Этот вопрос был обращен не к Федыкину. От своего консультанта она уже не ждала ответа. Вопрос, повисший в воздухе, обращался в воздух, пустоту, которая распухала, словно наполняемый газом воздушный шар, и росла, расползалась, растягивалась во все концы света, заслоняя собой привычный мир, выталкивая его на неведомую обочину. Нет, Жекки не могла вдумываться в смысл происходящего. У нее просто не хватало сил выдержать это наваждение. Ей вдруг невыносимо захотелось, чтобы Федыкин замолчал, исчез, лишь бы больше не слышать дребезжащий лязг его голоса. Но Федыкин, сочтя необходимым высказаться по заданной теме, продолжил, как ни в чем не бывало, тем более, что затекшие конечности перестали его временно беспокоить.

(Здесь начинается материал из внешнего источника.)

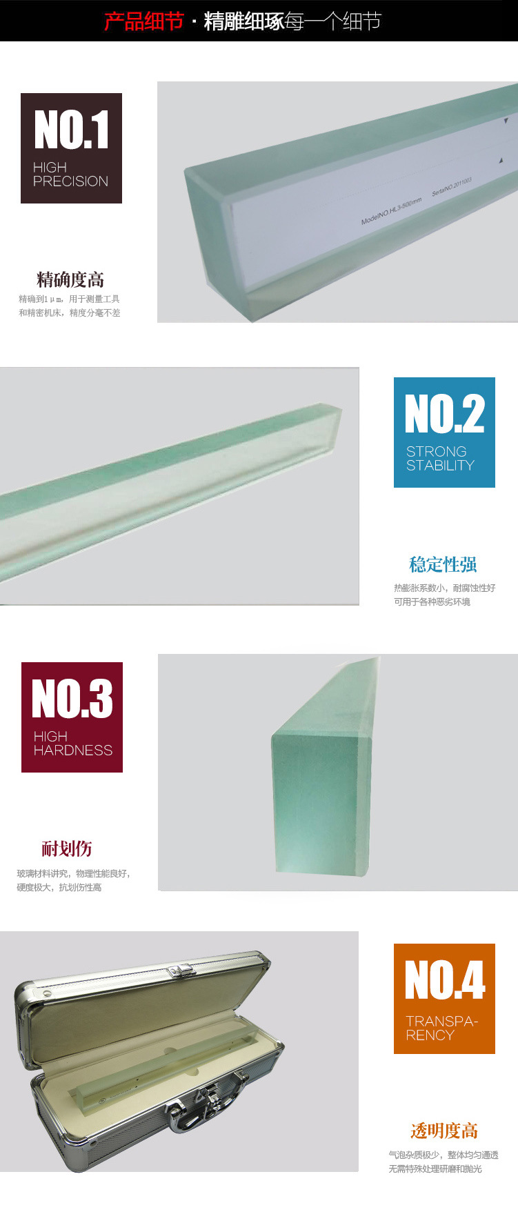 光学玻璃线纹尺具有热膨胀系数小、精度高、硬度较大、防腐蚀性好等特点。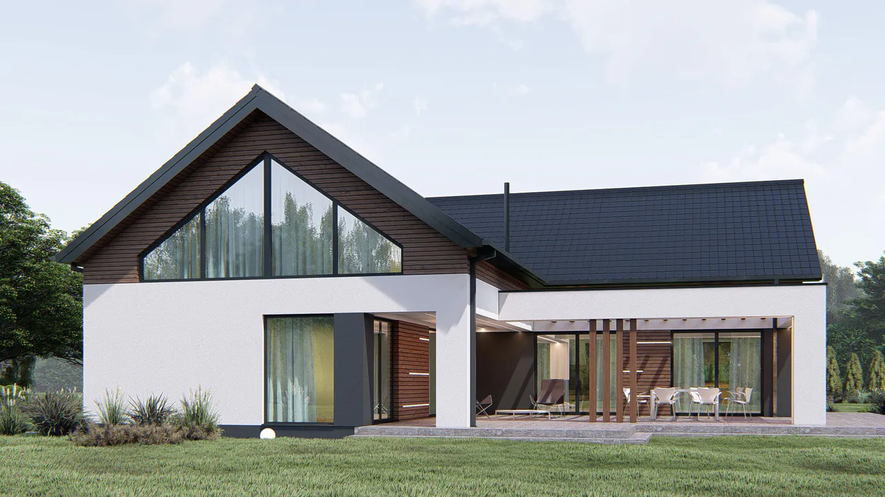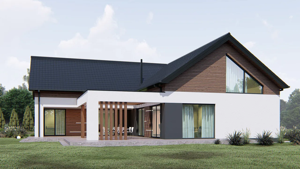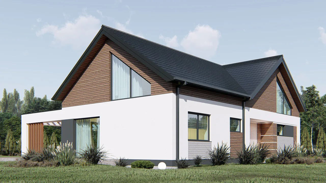 Фасад дома сочетает в себе современные линии и минималистичный дизайн. Внешние стены отделаны белой силиконовой штукатуркой и темно-коричневой облицовкой из деревянных панелей, создавая контрастный и элегантный вид.

— И я считаю, что выгон, лог, лес — это пустяки. Сто, полторы сотни десятин у вас так и так останется. А, куда вам больше? Я так, почитай, половины лишусь, да и то, пожалуй что, весь хутор сбуду с рук. При том задорого. Здешние у меня бы по такой цене не купили. А я уже в городе лавчонку себе присмотрел и долю в сырном деле Беркутова смогу выкупить. Да мало ли еще что.

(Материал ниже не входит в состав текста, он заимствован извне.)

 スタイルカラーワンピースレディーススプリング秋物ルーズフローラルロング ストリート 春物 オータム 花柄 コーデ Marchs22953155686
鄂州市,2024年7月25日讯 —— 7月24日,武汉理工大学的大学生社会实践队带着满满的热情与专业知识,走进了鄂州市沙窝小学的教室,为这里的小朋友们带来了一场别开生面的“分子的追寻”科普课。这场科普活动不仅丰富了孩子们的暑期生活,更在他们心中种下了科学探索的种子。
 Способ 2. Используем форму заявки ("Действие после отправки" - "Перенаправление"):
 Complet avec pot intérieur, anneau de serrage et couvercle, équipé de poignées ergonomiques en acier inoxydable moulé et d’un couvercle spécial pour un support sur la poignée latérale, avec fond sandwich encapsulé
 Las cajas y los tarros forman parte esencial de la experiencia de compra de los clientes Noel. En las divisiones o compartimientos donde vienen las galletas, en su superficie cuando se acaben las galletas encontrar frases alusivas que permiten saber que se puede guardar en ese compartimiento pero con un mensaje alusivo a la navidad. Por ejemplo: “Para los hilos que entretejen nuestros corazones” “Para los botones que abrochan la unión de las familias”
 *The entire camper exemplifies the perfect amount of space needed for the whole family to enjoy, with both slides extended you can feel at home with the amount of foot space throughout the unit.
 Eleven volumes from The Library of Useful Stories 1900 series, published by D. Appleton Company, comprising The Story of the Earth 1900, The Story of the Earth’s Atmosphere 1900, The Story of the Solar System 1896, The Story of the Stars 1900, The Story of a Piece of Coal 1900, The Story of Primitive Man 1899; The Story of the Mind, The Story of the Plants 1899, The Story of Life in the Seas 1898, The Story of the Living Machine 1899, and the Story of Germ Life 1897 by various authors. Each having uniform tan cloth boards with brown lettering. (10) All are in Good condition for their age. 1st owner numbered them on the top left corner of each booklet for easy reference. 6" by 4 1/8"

Жекки не верила своим ушам. Неужели Федыкин прямо сейчас готов вот так запросто продать свой хутор, свои поля, и как он может говорить об этом спокойно, как будто речь идет о продаже негодных штанов. Да как же он будет жить? Жекки всматривалась в его ссутуленную, но такую крепкую фигуру, в тщательно расчесанную выцветшую бороду, спрятанные от нее полузакрытыми веками слезящиеся глаза, и недоумевала, почему видела в нем какого-то совершенно другого человека. Куда он делся, прежний Федыкин, или это не он, а она спятила сегодня? Она не догадывалась, что ее недоумение можно было легко объяснить, стоило лишь чуть-чуть отстранить взгляд, лишь немного превозмочь привычную тяжесть душевной инерции. Но так же как люди, умеющие легко обходиться без водных запасов, вызывали у нее смутную зависть и смутные подозрения, так и люди, готовые добровольно отказаться от земельной собственности и собственных лесных угодий казались ей выходцами из потусторонних миров, а отнюдь не живыми нормальными людьми. Долгое время она думала, что Федыкин нормальный человек, а сейчас, слушая его, вынуждена была признать, что он отнюдь не тот опытный аграрий, на которого могла всегда положиться. Доля в сырном деле, видите ли… Ну-ну…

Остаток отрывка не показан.